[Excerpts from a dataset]

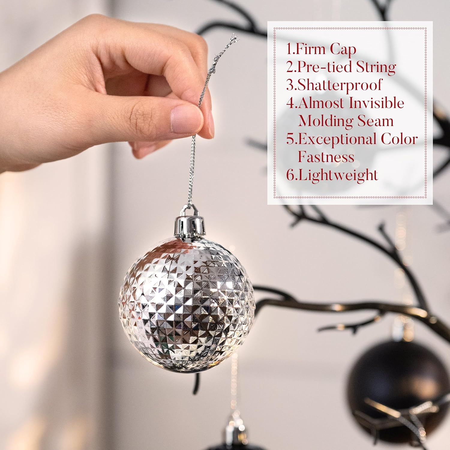 - 【Package and Size】This ornament ball set include 50pcs Christmas ornaments measuring 2 inches in diameter, featuring seamless connections for a polished look
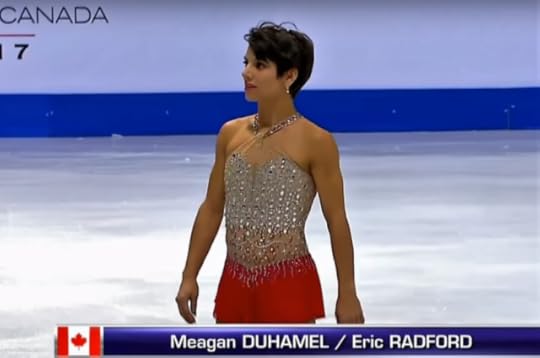 Meagan Duhamel and Eric Radford of Canada: For the 2017-2018 Grand Prix Finals of Figure Skating, Meagan Duhamel changed her costume for her Free Skate to Neutron Star Collision by Matthew Bellamy, I Belong To You (Mon coeur s'ouvre a ta voix) from "Samson and Dalilah" by Camille Saint-Saens, and Uprising by Matthew Bellamy performed by Muse. She wore this sequined gold design that was very much on-trend with the "Nude/Golden" gowns seen on the red carpet as well as beauty pageants. The costume featured beaded gold embroidery over a nude illusion base with a very mini "skirt"...
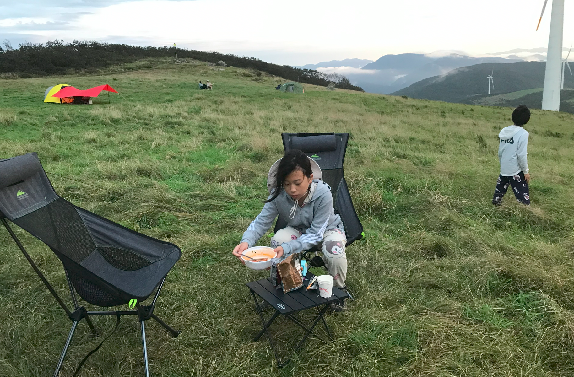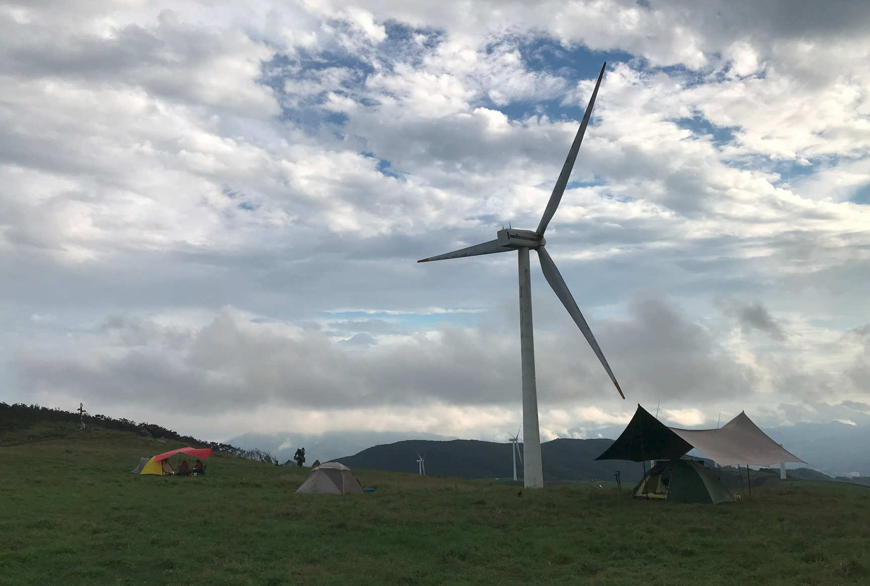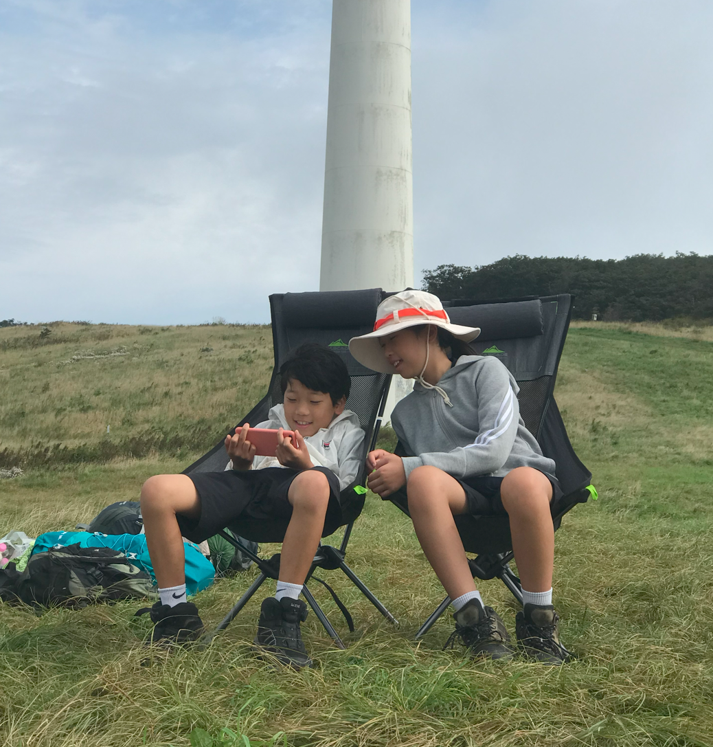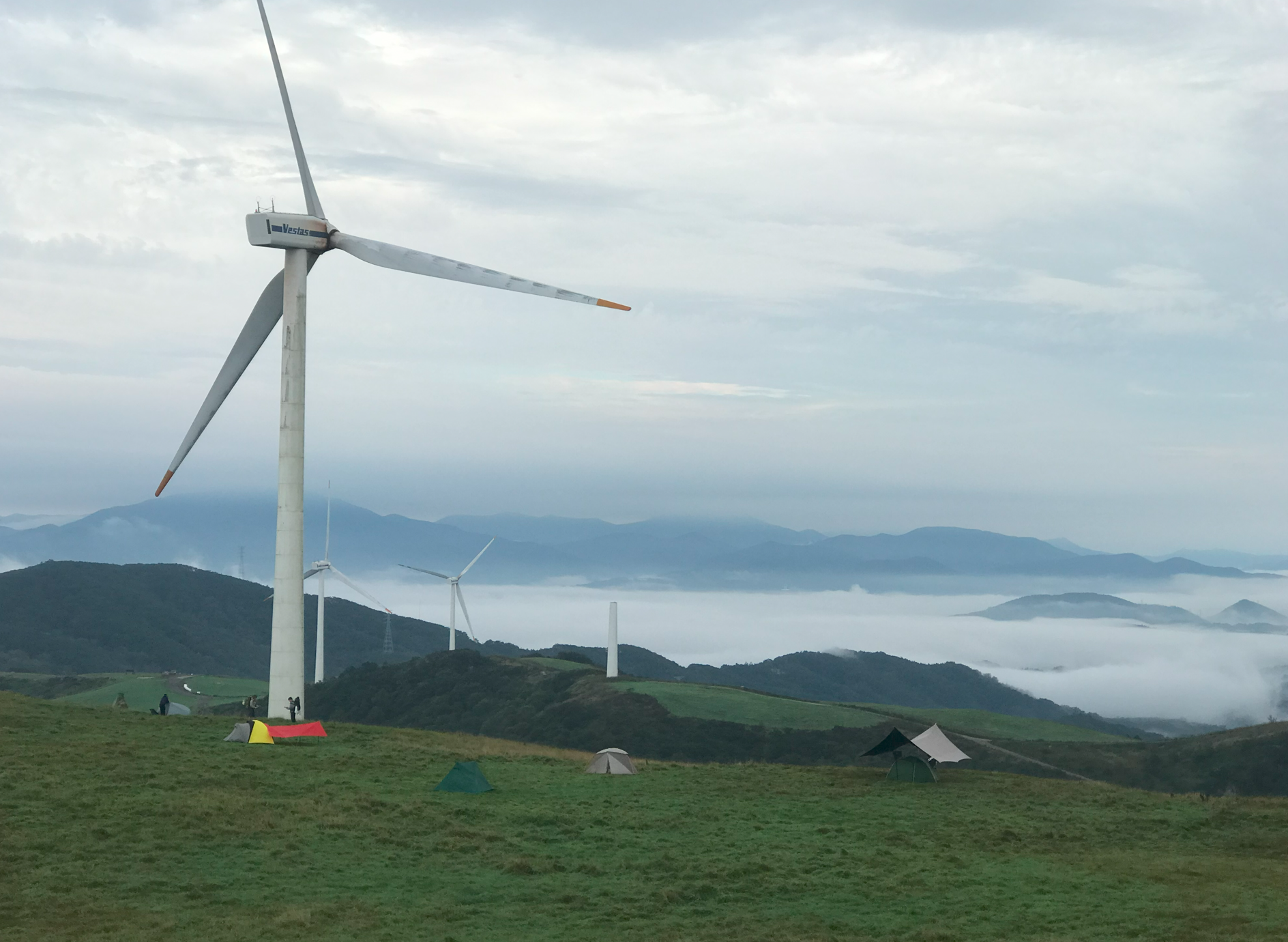 그리고 우리가 자리 잡은 곳이 풍력발전기 앞쪽인데 실제로 보니 생각보디 크기가 크고 거대해서 블레이드가 돌아가는 소기가 자는 중에도 계속 들렸다. 이렇게 큰 발전기가 넘어지면 어쩌나 하는 걱정도 되고... 아이들은 피곤했는지 깊이 잠들어 다행이지만 정작 본인은 이런 저런 걱정에 밤잠을 설쳤다.
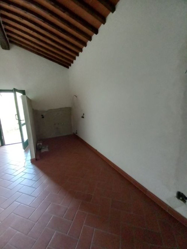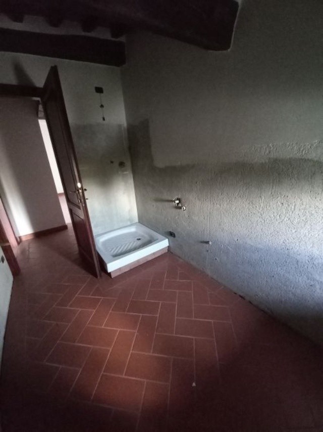 Nella parte alta, terratetto d'angolo con giardino-cortile esclusivo e garage, dislocato su due livelli, al piano terra ingresso, soggiorno, bagno, cucinotto con dispensa -ripostiglio e soggiorno-pranzo; al primo piano camera matrimoniale, due camerine singole e studio. Ripostiglio esterno con locale tecnico e caldaia. Classe G. Ipe 185.
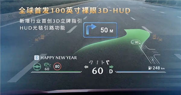 同时,新车还首发了100英寸裸眼3D HUD,利用双目成像原理实现眼球随动,3D导航可将道路虚拟标志以立体形式投射在视野中,导航精度和沉浸感远超传统AR-HUD。
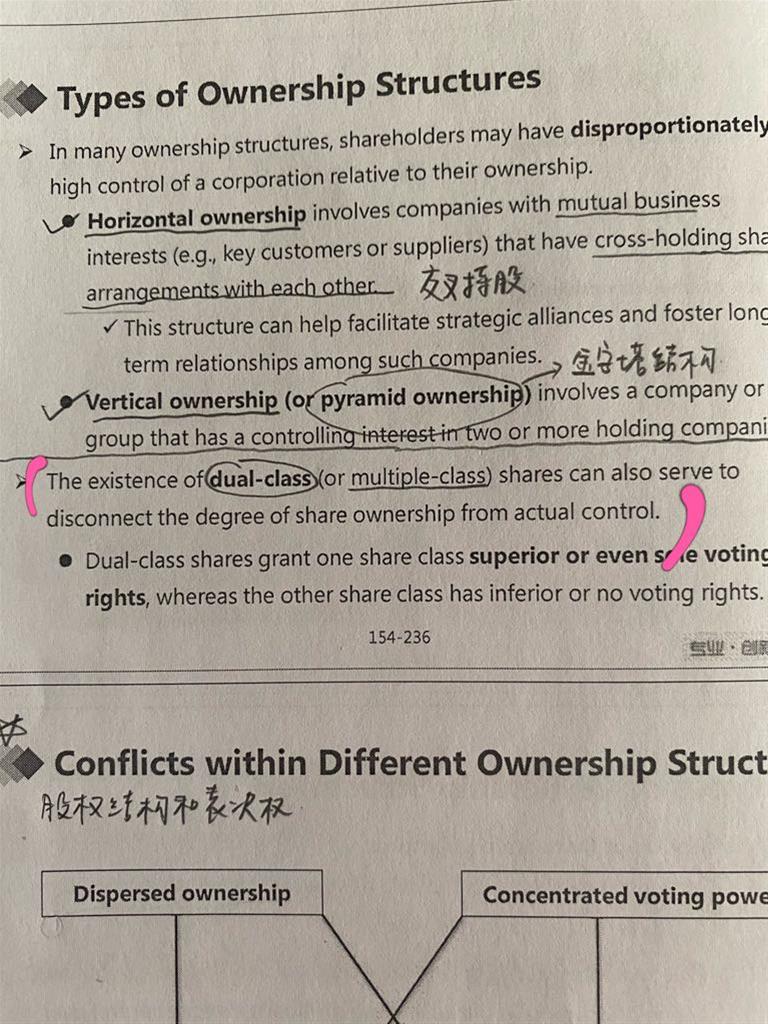 老师好,兼并收购这章粉色括号里这句话是什么意思啊? 为什么due-class会disconnect the degree of share ownership from actual control?
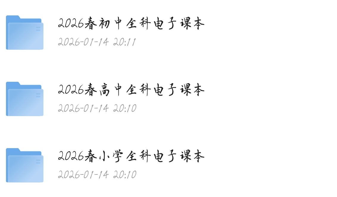 2026春季新学期电子课本合集新鲜出炉!合集覆盖小学、初中、高中全学段,包含语文、数学、英语、物理、化学、生物、历史、地理等全学科电子课本,均为高清PDF版本,适配手机、平板、电脑等设备查看,不管是学生预习复习,还是家长辅导孩子,都是超实用的学习资源!
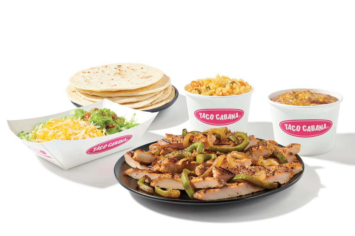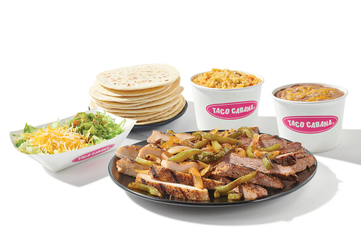 1/2 Order (8 oz) (Chicken Fajita) served with a blend of grilled peppers and onions, 8 oz rice, 8 oz refried or black beans, 6 flour tortillas, shredded lettuce, shredded cheese and guacamole.
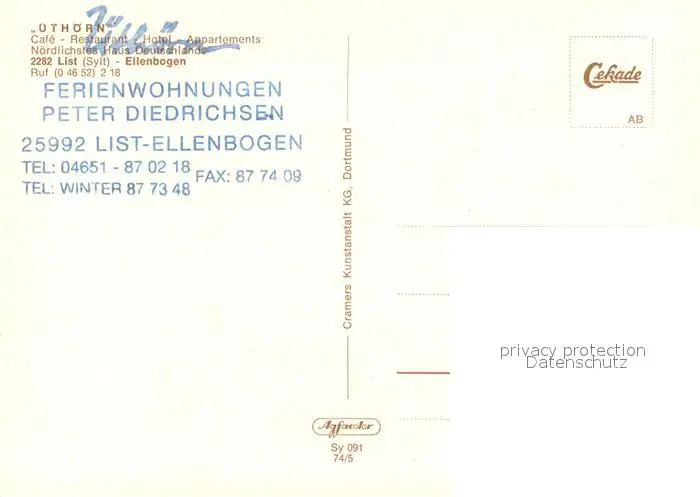 Ellenbogen_Sylt Cafe Restaurant Hotel uethoern Fliegeraufnahme Ellenbogen_Sylt postalisch nicht gelaufen 1974 Erhaltung siehe scans [FriedD77] Frierer
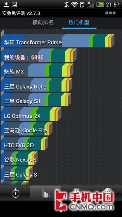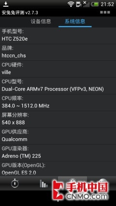 而在安兔兔测试中,HTC One S的分数就暴露出骁龙S4处理器核心异步的劣势了。虽然骁龙S4处理器虽然制程仅有28纳米,有着不错的效率,不过其结构依旧算是aSMP(异步双核)在 高负荷状态下两核心之间的协助还是稍有不足。所有One S的得分还是低于了采用Tegra 3四核处理器的One X。
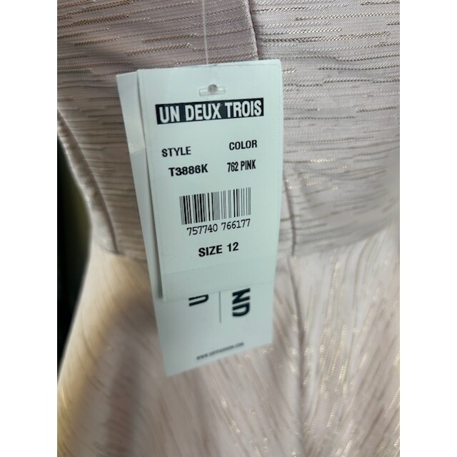 Keywords: Un Deux Trois dress, pink dress, metallic dress, party dress, cocktail dress, fit and flare dress, sleeveless dress, special occasion dress, size 12 dress, women's dress, formal dress, evening dress, UDTFASHION.
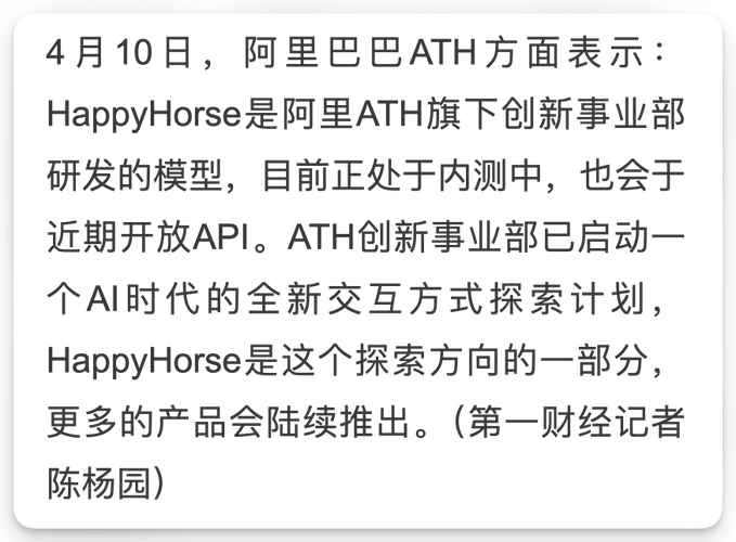 Alibaba has confirmed that HappyHorse is a model developed by its Innovation Business Unit (ATH), currently in internal testing, and its API will be released soon. ATH's Innovation Business Unit has launched a plan to explore new interaction methods for the AI era, and HappyHorse is part of this exploration; more products will be launched successively. (Yicai) Recently, the video generation model HappyHorse-1.0 topped the Artificial Analysis Video Arena leaderboard, scoring 84 points higher than Seedance 2.0.
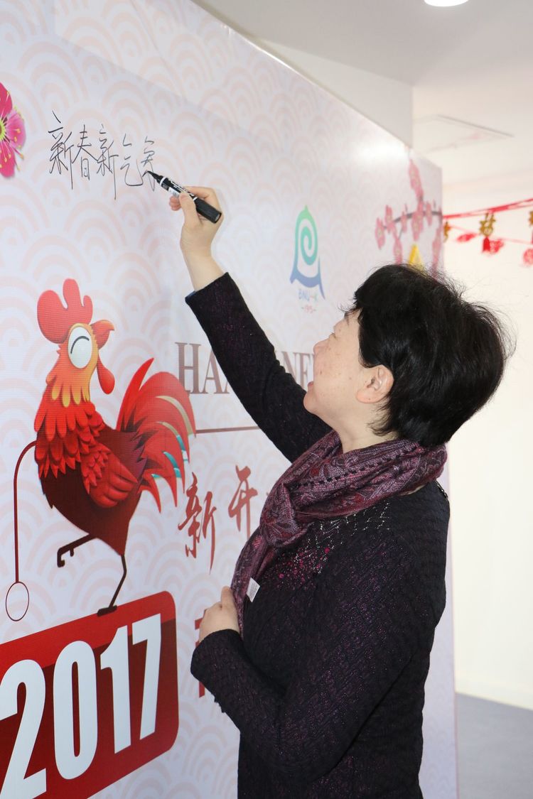 在大家的期盼之中,九游体育实验幼儿园黄珊总园长莅临现场并提写新年祝福:新春新气象,新园新发展,新年快乐!
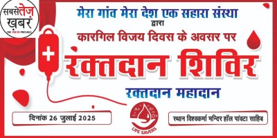Paonta Sahib: कारगिल के वीरों को श्रद्धांजलि, पांवटा साहिब में लगेगा रक्तदान शिविर, मेरा गाँव मेरा देश एक सहारा संस्था की अनूठी पहल
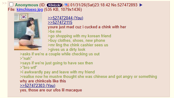 >>532593356>another shill hopped on methmeth and izzata dangerous drug>>532592244wanna make his roleplay even more embarrassing?>So your Korean friendhe larps claiming that he banged his gook "friend"he has whole fanfic between him and this gookincluding supposed screenshots of him begging her to cook some food (like a homeless bum asking for some coins)
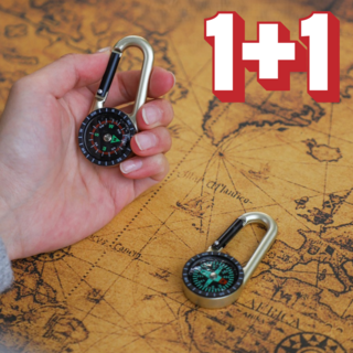 [1+1] 루앤시 버클 나침반 키링 키홀더 열쇠고리 등산 캠핑, 1세트, 레드+그린
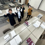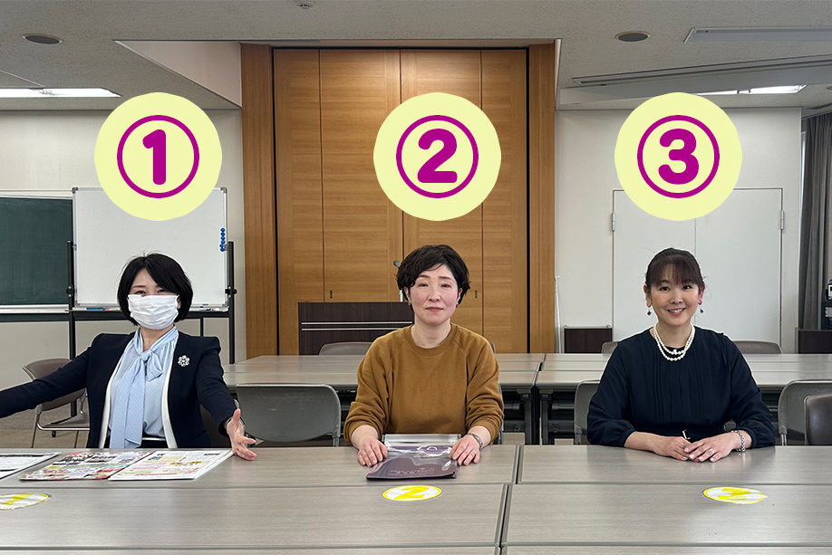 下の写真のように、長机に3人1チームで座ってください。

Requirement
A faithful, word-for-word version of the records above is needed, with no images in it.

Response area
 - 【Package and Size】This ornament ball set include 50pcs Christmas ornaments measuring 2 inches in diameter, featuring seamless connections for a polished look
 Meagan Duhamel and Eric Radford of Canada: For the 2017-2018 Grand Prix Finals of Figure Skating, Meagan Duhamel changed her costume for her Free Skate to Neutron Star Collision by Matthew Bellamy, I Belong To You (Mon coeur s'ouvre a ta voix) from "Samson and Dalilah" by Camille Saint-Saens, and Uprising by Matthew Bellamy performed by Muse. She wore this sequined gold design that was very much on-trend with the "Nude/Golden" gowns seen on the red carpet as well as beauty pageants. The costume featured beaded gold embroidery over a nude illusion base with a very mini "skirt"...
 그리고 우리가 자리 잡은 곳이 풍력발전기 앞쪽인데 실제로 보니 생각보디 크기가 크고 거대해서 블레이드가 돌아가는 소기가 자는 중에도 계속 들렸다. 이렇게 큰 발전기가 넘어지면 어쩌나 하는 걱정도 되고... 아이들은 피곤했는지 깊이 잠들어 다행이지만 정작 본인은 이런 저런 걱정에 밤잠을 설쳤다.
 Nella parte alta, terratetto d'angolo con giardino-cortile esclusivo e garage, dislocato su due livelli, al piano terra ingresso, soggiorno, bagno, cucinotto con dispensa -ripostiglio e soggiorno-pranzo; al primo piano camera matrimoniale, due camerine singole e studio. Ripostiglio esterno con locale tecnico e caldaia. Classe G. Ipe 185.
 同时,新车还首发了100英寸裸眼3D HUD,利用双目成像原理实现眼球随动,3D导航可将道路虚拟标志以立体形式投射在视野中,导航精度和沉浸感远超传统AR-HUD。
 老师好,兼并收购这章粉色括号里这句话是什么意思啊? 为什么due-class会disconnect the degree of share ownership from actual control?
 2026春季新学期电子课本合集新鲜出炉!合集覆盖小学、初中、高中全学段,包含语文、数学、英语、物理、化学、生物、历史、地理等全学科电子课本,均为高清PDF版本,适配手机、平板、电脑等设备查看,不管是学生预习复习,还是家长辅导孩子,都是超实用的学习资源!
 1/2 Order (8 oz) (Chicken Fajita) served with a blend of grilled peppers and onions, 8 oz rice, 8 oz refried or black beans, 6 flour tortillas, shredded lettuce, shredded cheese and guacamole.
 Ellenbogen_Sylt Cafe Restaurant Hotel uethoern Fliegeraufnahme Ellenbogen_Sylt postalisch nicht gelaufen 1974 Erhaltung siehe scans [FriedD77] Frierer
 而在安兔兔测试中,HTC One S的分数就暴露出骁龙S4处理器核心异步的劣势了。虽然骁龙S4处理器虽然制程仅有28纳米,有着不错的效率,不过其结构依旧算是aSMP(异步双核)在 高负荷状态下两核心之间的协助还是稍有不足。所有One S的得分还是低于了采用Tegra 3四核处理器的One X。
 Keywords: Un Deux Trois dress, pink dress, metallic dress, party dress, cocktail dress, fit and flare dress, sleeveless dress, special occasion dress, size 12 dress, women's dress, formal dress, evening dress, UDTFASHION.
 Alibaba has confirmed that HappyHorse is a model developed by its Innovation Business Unit (ATH), currently in internal testing, and its API will be released soon. ATH's Innovation Business Unit has launched a plan to explore new interaction methods for the AI era, and HappyHorse is part of this exploration; more products will be launched successively. (Yicai) Recently, the video generation model HappyHorse-1.0 topped the Artificial Analysis Video Arena leaderboard, scoring 84 points higher than Seedance 2.0.
 在大家的期盼之中,九游体育实验幼儿园黄珊总园长莅临现场并提写新年祝福:新春新气象,新园新发展,新年快乐!
Paonta Sahib: कारगिल के वीरों को श्रद्धांजलि, पांवटा साहिब में लगेगा रक्तदान शिविर, मेरा गाँव मेरा देश एक सहारा संस्था की अनूठी पहल
 >>532593356>another shill hopped on methmeth and izzata dangerous drug>>532592244wanna make his roleplay even more embarrassing?>So your Korean friendhe larps claiming that he banged his gook "friend"he has whole fanfic between him and this gookincluding supposed screenshots of him begging her to cook some food (like a homeless bum asking for some coins)
 [1+1] 루앤시 버클 나침반 키링 키홀더 열쇠고리 등산 캠핑, 1세트, 레드+그린
 下の写真のように、長机に3人1チームで座ってください。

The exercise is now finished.